▶ _WORK TO COMPLETE_: Images do not belong in the copy. Retype all the entries below exactly.
*** DATASET EXTRACT Section Begins ***
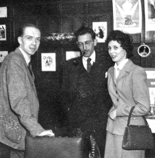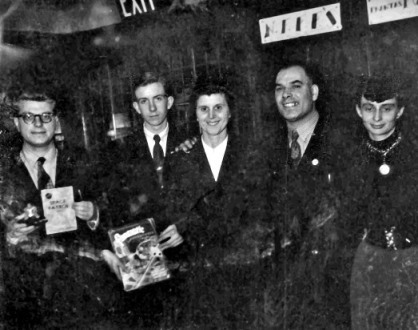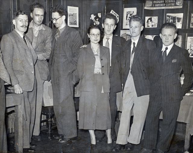 Other out-of-town types present included the old S-F Service, now Milcross, boys, Les Johnson and Frank Milnes, Alan Hunter and his wife from Bournemouth, and several others whose faces were more familiar than their names. [Note: both the S-F Service and Milcross were an integral part of Liverpool fandom in their respective eras - see links below.]
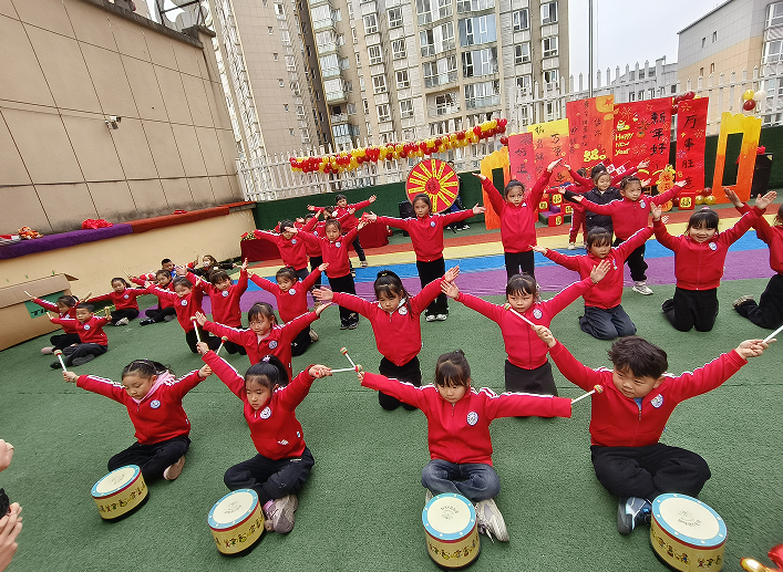 活动伊始,孩子们身着统一的红色园服,带来了精彩的鼓乐表演和啦啦操展示,稚嫩的动作、欢快的节奏瞬间点燃现场气氛;老师们还为跳蚤市场举行了温馨的剪彩仪式,宣告这场童趣满满的“小集市”正式开市。
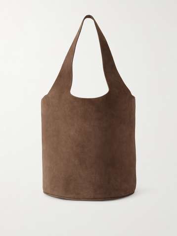 Andiamo medium shearling-lined leather-trimmed intrecciato suede tote
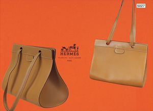 HERMÈS Typ Gardenparty, Shopper, karamellbraun, Innenmarkierung Hermès Paris Made in France, 32 cm breit, 25 cm hoch, 16 cm tief, 1 durchgehender lederner Trageriemen, minim. kl. Flickstelle, sonst schöner Orig.-Zust., minim. Abnutzungsstellen am Innenfutter, 4 goldfarbene Metallfüße, im Orig.- Staubbeutel, Orig.-Kart., Hermès Paris Faubourg Saint-Honoré
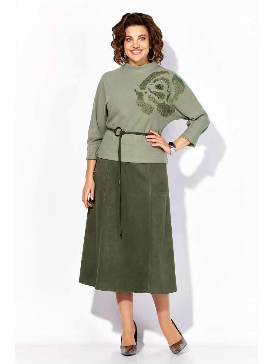 Юбка в комплекте выполнена из искусственной замши – спандекса, на подкладке. Перед с продольными рельефами на расклешение и боковыми карманами. Пояс в юбке притачной, в боковых участках вставлена резинка для комфортного прилегания. Застежка – юбочная тесьма-молния в среднем шве.
*** DATASET EXTRACT Section Ends ***
▶ _TASK RESULT_:
 Other out-of-town types present included the old S-F Service, now Milcross, boys, Les Johnson and Frank Milnes, Alan Hunter and his wife from Bournemouth, and several others whose faces were more familiar than their names. [Note: both the S-F Service and Milcross were an integral part of Liverpool fandom in their respective eras - see links below.]
 活动伊始,孩子们身着统一的红色园服,带来了精彩的鼓乐表演和啦啦操展示,稚嫩的动作、欢快的节奏瞬间点燃现场气氛;老师们还为跳蚤市场举行了温馨的剪彩仪式,宣告这场童趣满满的“小集市”正式开市。
 Andiamo medium shearling-lined leather-trimmed intrecciato suede tote
 HERMÈS Typ Gardenparty, Shopper, karamellbraun, Innenmarkierung Hermès Paris Made in France, 32 cm breit, 25 cm hoch, 16 cm tief, 1 durchgehender lederner Trageriemen, minim. kl. Flickstelle, sonst schöner Orig.-Zust., minim. Abnutzungsstellen am Innenfutter, 4 goldfarbene Metallfüße, im Orig.- Staubbeutel, Orig.-Kart., Hermès Paris Faubourg Saint-Honoré
 Юбка в комплекте выполнена из искусственной замши – спандекса, на подкладке. Перед с продольными рельефами на расклешение и боковыми карманами. Пояс в юбке притачной, в боковых участках вставлена резинка для комфортного прилегания. Застежка – юбочная тесьма-молния в среднем шве.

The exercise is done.